• Provided material:
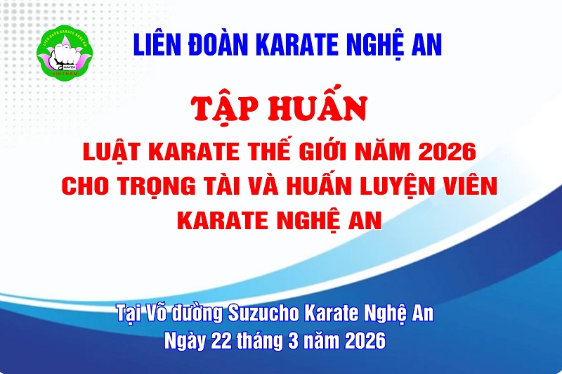 Khóa tập huấn Luật thi đấu Karate mới năm 2026 do Liên đoàn Karate tỉnh Nghệ An tổ chức. Sự kiện diễn ra từ ngày 21-22/03/2026 tại Nghệ An, nhằm cập nhật luật thi đấu mới nhất của Liên đoàn Karate Thế giới năm 2026 cho trọng tài và huấn luyện viên.
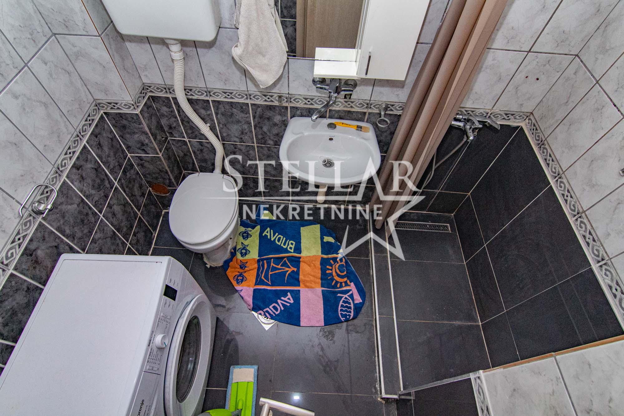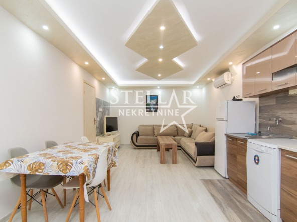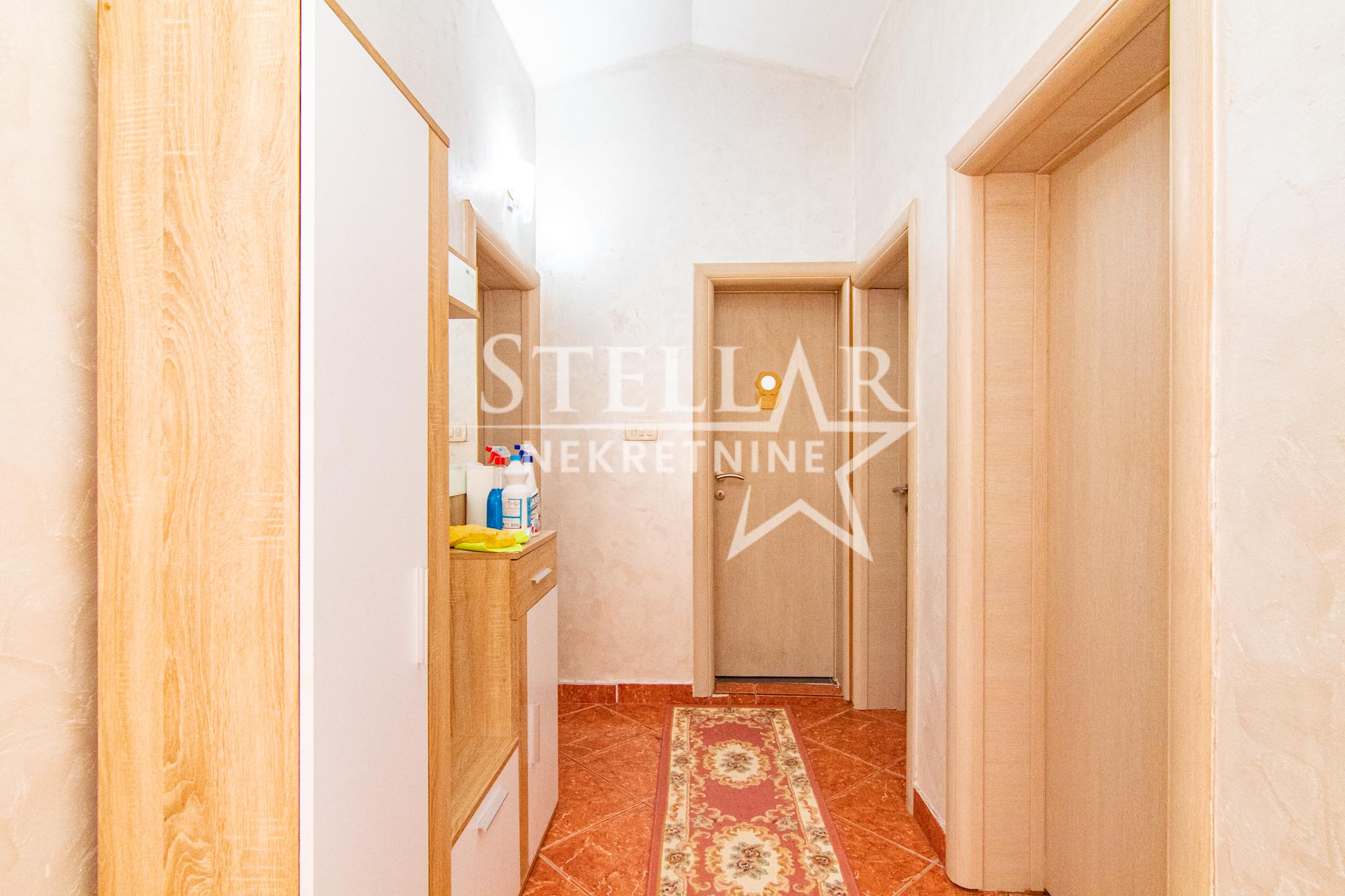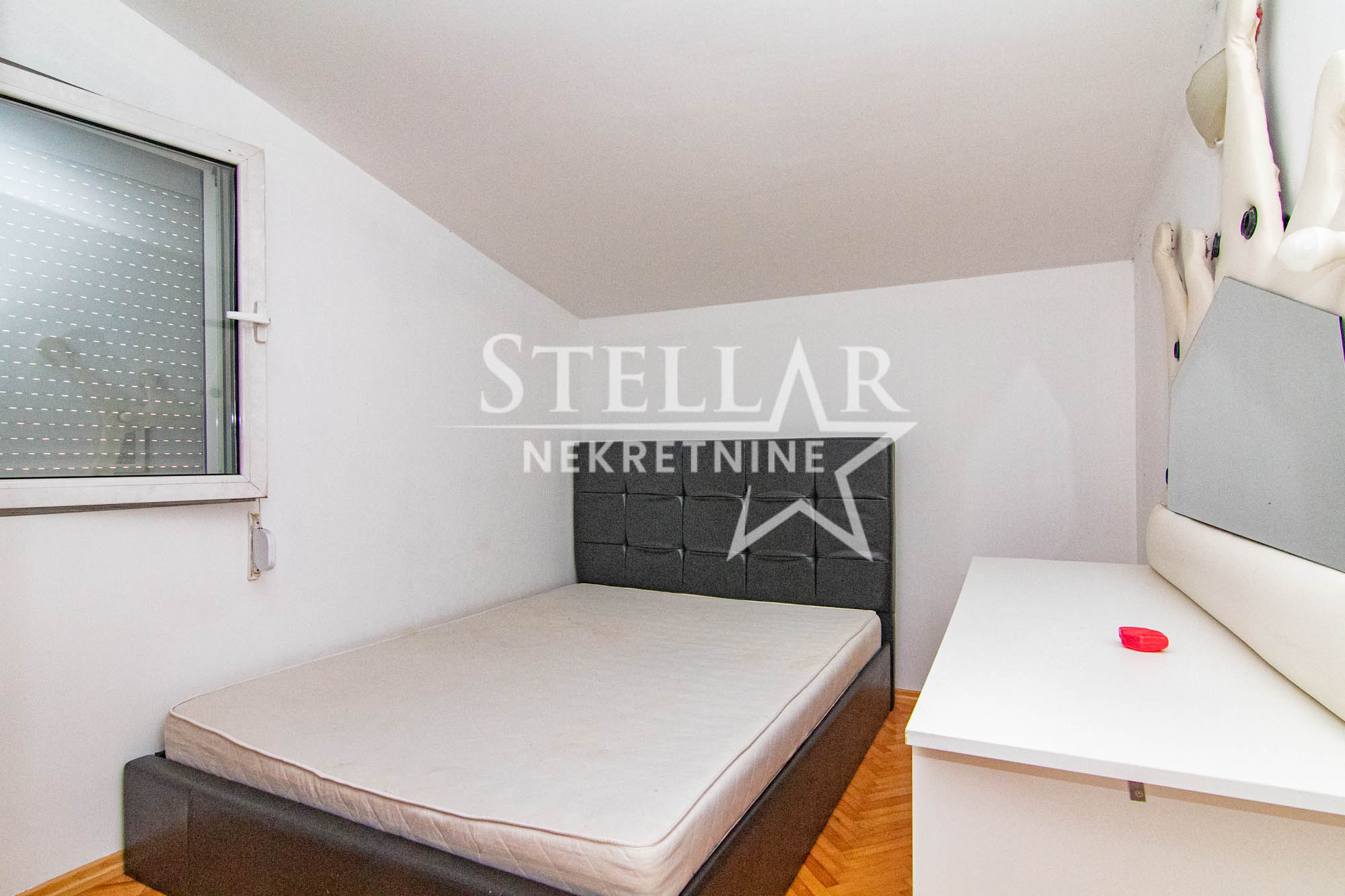 Furnished two-bedroom apartment for rent on the first floor of a house in Tološi. The area is 75m2 plus a terrace. It has air conditioning for cooling and heating, and there is also a wood stove. The bedrooms have double beds and both rooms have windows and closets. There is a washing machine in the bathroom and a dishwasher in the kitchen.
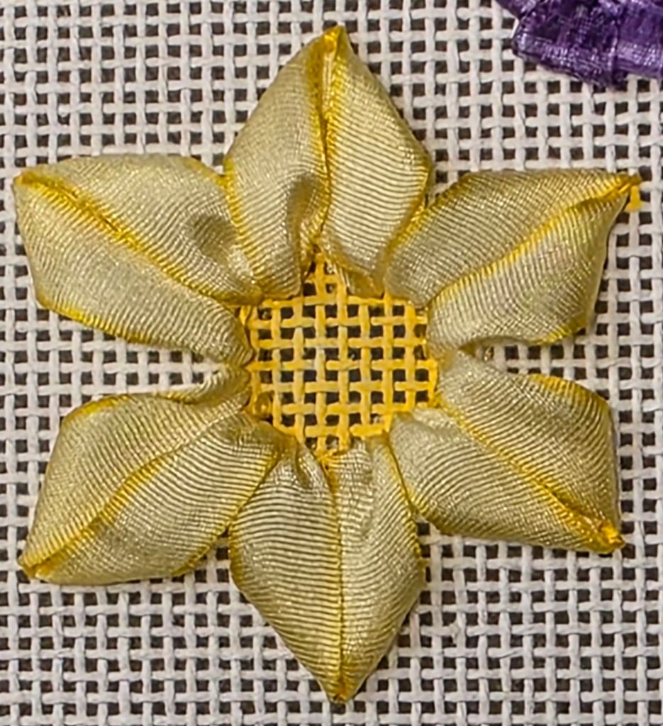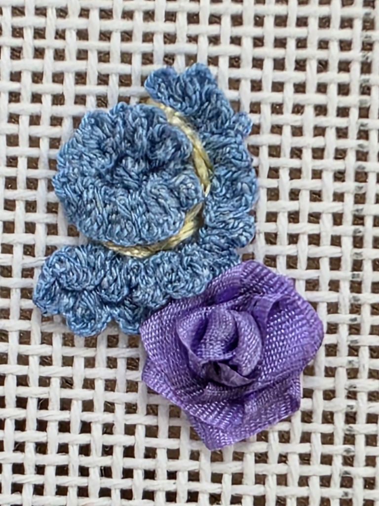 The French Knot Ribbon Rose is Lynn’s variation of the one Tamara teaches. One of the most beautiful, delicate roses I’ve ever seen!

• Your assignment: Each line from the one that holds "Furnished two-bedroom apartment" through the end of the material should be repeated exactly, and nothing more. Leave out any picture.

• Response to this task:
 Furnished two-bedroom apartment for rent on the first floor of a house in Tološi. The area is 75m2 plus a terrace. It has air conditioning for cooling and heating, and there is also a wood stove. The bedrooms have double beds and both rooms have windows and closets. There is a washing machine in the bathroom and a dishwasher in the kitchen.
 The French Knot Ribbon Rose is Lynn’s variation of the one Tamara teaches. One of the most beautiful, delicate roses I’ve ever seen!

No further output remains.